From Deficit to Surplus: Navigating the Volatile Potato Market
Over the past two years, the Northwest US has faced significant fluctuations in potato production. A notable deficit forced processors to source potatoes from regions such as the Midwest, East Coast, and even Canada. This shortage notably affected the availability of fries in fast food outlets, causing widespread disruptions in the supply chain.
In response to this deficit, processors substantially increased their planting efforts. However, this proactive measure has resulted in an unexpected surplus. As older stockpiles remain while the new harvest approaches, the industry is now grappling with excess supply.

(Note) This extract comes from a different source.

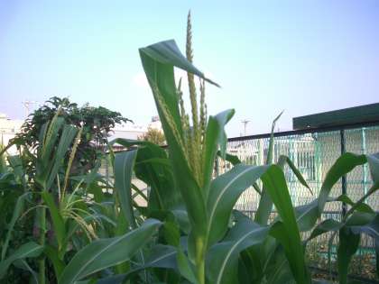 でも、この暑さの中で頑張っているものがありました。6年生のポップコーンです。さすが、暑い地方の植物だと思います。そのポップコーンにも、雄花が咲き始めました。子ども達がいない間に、どんどん成長しています。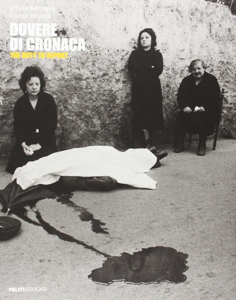 La prima volta che incontrai Letizia Battaglia fu in sogno, nel 2011. Eravamo soli, seduti in un salotto borghese e parlavamo di fotografia sfogliando alcune sue stampe. In quella circostanza io non riuscivo a parlare o ad emettere alcun suono: sentivo solo la sua voce e i suoi racconti, come in un documentario e come se la conoscessi da sempre, c’era anche il montaggio! La sognai dopo aver letto il catalogo della mostra di “Dovere di cronaca – the duty of report” a cura di Franco Zecchin, compagno di vita e di lavoro per diciott’anni della grande autrice palermitana. È un lavoro importante, questo, tra i suoi più celebri, poiché rappresenta l’incontro e il mescolarsi – come in una tavolozza di colori a olio – di tutto ciò che era più caro alla grande Letizia: Palermo, l’impegno sociale, gli ultimi, la bellezza, lo sguardo delle donne. O per dirla meglio: la restituzione dello sguardo delle donne. Per capirlo basta vedere proprio la copertina del catalogo: tre donne ai piedi di un corpo morto, ucciso, coperto da un telo, vittima di quella guerra di mafia oggetto del testo.

Dale Lathim, executive director of the Potato Growers of Washington, described this rapid shift from the shortest to the longest supply within a single year as unprecedented. To mitigate the surplus, processors have instructed growers to repurpose the excess potatoes for cattle feed and food banks. Additionally, some of the surplus has been discarded in fields and canyons.

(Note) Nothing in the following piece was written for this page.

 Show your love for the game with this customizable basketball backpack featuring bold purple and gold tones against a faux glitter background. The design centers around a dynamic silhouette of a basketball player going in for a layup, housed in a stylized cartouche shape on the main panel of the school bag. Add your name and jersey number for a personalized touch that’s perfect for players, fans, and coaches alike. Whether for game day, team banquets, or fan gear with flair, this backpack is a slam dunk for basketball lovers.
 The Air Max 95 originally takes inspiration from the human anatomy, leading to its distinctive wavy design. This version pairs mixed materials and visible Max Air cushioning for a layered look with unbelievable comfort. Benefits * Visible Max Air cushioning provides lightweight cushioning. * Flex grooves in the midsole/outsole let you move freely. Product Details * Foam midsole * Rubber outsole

Adam Weber, a farmer based in Quincy, reported a 10% reduction in potato planting across various crops due to the surplus. This reduction has impacted revenue and led to tighter budget management for many farmers. The situation underscores the volatility of the potato market and the need for adaptive strategies in agricultural planning.
Despite these challenges, the U.S. Department of Agriculture (USDA) forecasts a fair crop for this year, promising an ample supply of Northwest fries. The upcoming harvest, beginning in July, is expected to cover approximately 516,000 acres across Washington, Oregon, and Idaho.
The industry’s swift response to fluctuating supply conditions demonstrates resilience and adaptability. As the Northwest prepares for the new harvest, stakeholders are focused on balancing supply with demand to stabilize the market and ensure a steady flow of potatoes to consumers and processors alike.